For me, the lesson is clear.
We cannot rely on others for a moral compass.
I am thinking of Chelsea Manning, Edward Snowden, Julian Assange, Tim DeChristopher and Lord knows how many others who have been exiled or imprisoned for “treason” in the United States.
I believe they will be exonerated in the long run, just as Mandela was, and shown to be on the side of justice.
We shake our heads incredulously when we hear that Nelson Mandela was in jail and at hard labor for 27 years.
Twenty-seven years! He was imprisoned just a few months before I was born, and released a few months before I married.
He came out to have a whole new life, like a butterfly breaking out of an unwanted cocoon.
The news media seems to be playing up the aspect of Nelson Mandela’s story that deals with forgiveness.
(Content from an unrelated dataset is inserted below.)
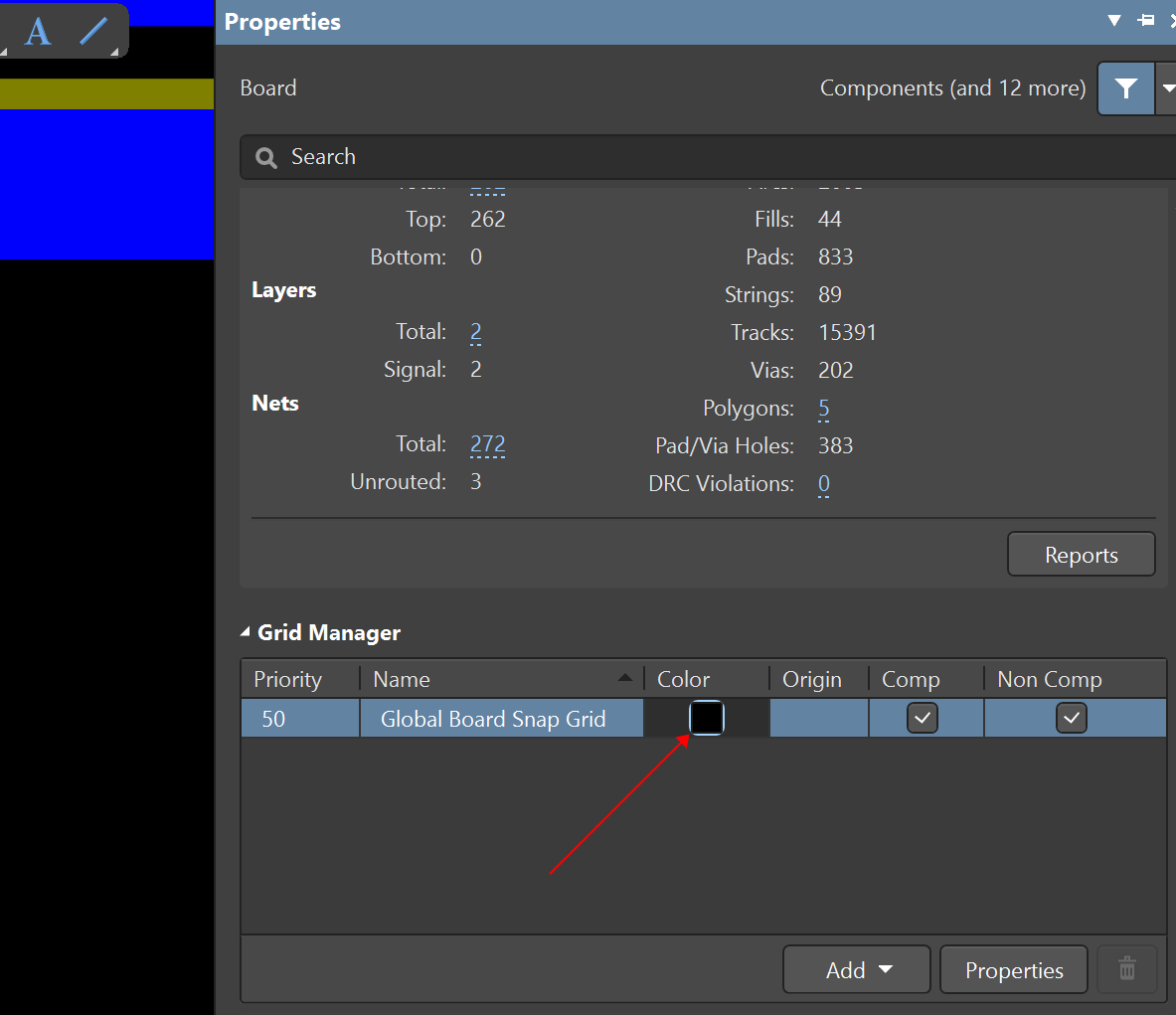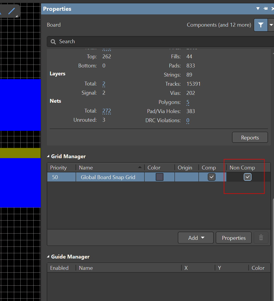 3)、在Board屬性中找到Grid Manager,查看"Non Comp"是否打勾,打勾顯示柵格,取消打勾不顯示柵格,如圖3。此處設(shè)置直接受1、2兩處影響,當(dāng)1、2兩處設(shè)置為不顯示,在此處勾選了也不會(huì)顯示柵格。

He forgave his captors. He was not vindictive. He believed in reconciliation.
Yes.
But I do not forgive them. And the part of Mandela’s story I would like to focus on is his incredible perseverance in achieving his lifework of overcoming the evil of apartheid in South Africa.
It takes great self-awareness and rock-solid confidence to maintain one’s moral compass in the face of a whole state and social apparatus set up to prove one wrong.
For example, climate activists today, like the Greenpeace 30–locked up in Russia for daring to challenge Russian drilling rights in the Arctic–need to be incredibly resolute in their insistence that we must do what we can to stop the runaway warming of the planet.
Today we have many ways of expressing our solidarity—ways that were not available to sympathizers of Mandela back in the 1960s, ‘70s and ‘80s. We need to use these communication channels to send a solid wave of support back to those who dare to challenge today’s rulers—the fossil fuel industry, the National Security Agency, and the like.
Mandela fought the good fight and he won. Today, our fight is not for justice in one country, but for the very survival of the human race—and so many other species—on this planet.
We owe it to the memory of Nelson Mandela to stand firm and refuse to be bullied or intimidated. We who are fighting for a sustainable planetary future are on the side of justice and will be vindicated as such, just like Mandela, if we are not all washed away first.
Nelson Mandela was great because he never gave up. He remained true to his own moral compass and he lived his ideals.
We must do the same today, and then some, to keep Mandela’s flame alive and burning brightly for a new day on this sad beleaguered planet of ours.
craiglock
/ December 7, 2013Reblogged this on Nelson Mandela and Heroes.
mato48
/ December 8, 2013I only want to add the detail, that CIA officer Rickard informed the South African police and made Mandela’s arrest and imprisonment possible. http://www.thirdworldtraveler.com/Blum/CIAMandela_WBlum.html
A cynic could maybe come to the conclusion, that Mandela’s beatification is only possible because he accepted the deal to abolish political apartheid while keeping economic apartheid in place (miners strikes, 20 percent unemployment). This is the difference to Robert Mugabe.
Mugabe led his country to freedom like Mandela did, but when he distributed the big landholdings of the white farmers to poor blacks, he was condemned, vilified, demonized. The West imposed stringent economic sanctions on Zimbabwe, which are still in place, and tried to destabilize the government with the usual methods (NGO’s on a humanitarian mission, economic sabotage, corruptible politicians like Morgan Tsvangirai).
One last point: Nelson Mandela was a good friend and admirer of Muammar Gaddafi, he was a friend of Fidel Castro Ruz, he was a member of the Communist party (like Pete Seeger, about whom you also wrote a wonderful blog post).
Nelson Mandela enjoyed a lifelong friendship with Robert Mugabe. Both attended Fort Hare University in South Africa. Both served long prison sentences and are seen as their countries’ liberators.
Nelson Mandela deserves the unanimous praise despite the shortcomings of South Africa’s transition, but one wonders, what Western media will write, when Robert Mugabe dies.
Jennifer Browdy de Hernandez
/ December 8, 2013You are so right, Mato, to invite comparison with Mugabe. Mandela is being practically worshipped by the international media because he presided over the end of apartheid but did not fully challenge white supremacy in South Africa. Blacks are still far more likely to be poor in South Africa, and other parts of Africa, than whites. This is an international phenomenon…far beyond the abilities of any single individual to rectify, no matter how talented.
In my own homage, I was focusing especially on his steadfastness during the 27 years of imprisonment, when he was able, remarkably, to keep his courage and moral rectitude alive despite every effort to extinguish his spirit.
That is worth saluting, I believe, however he may have had to compromise in the turbulent years that followed his release.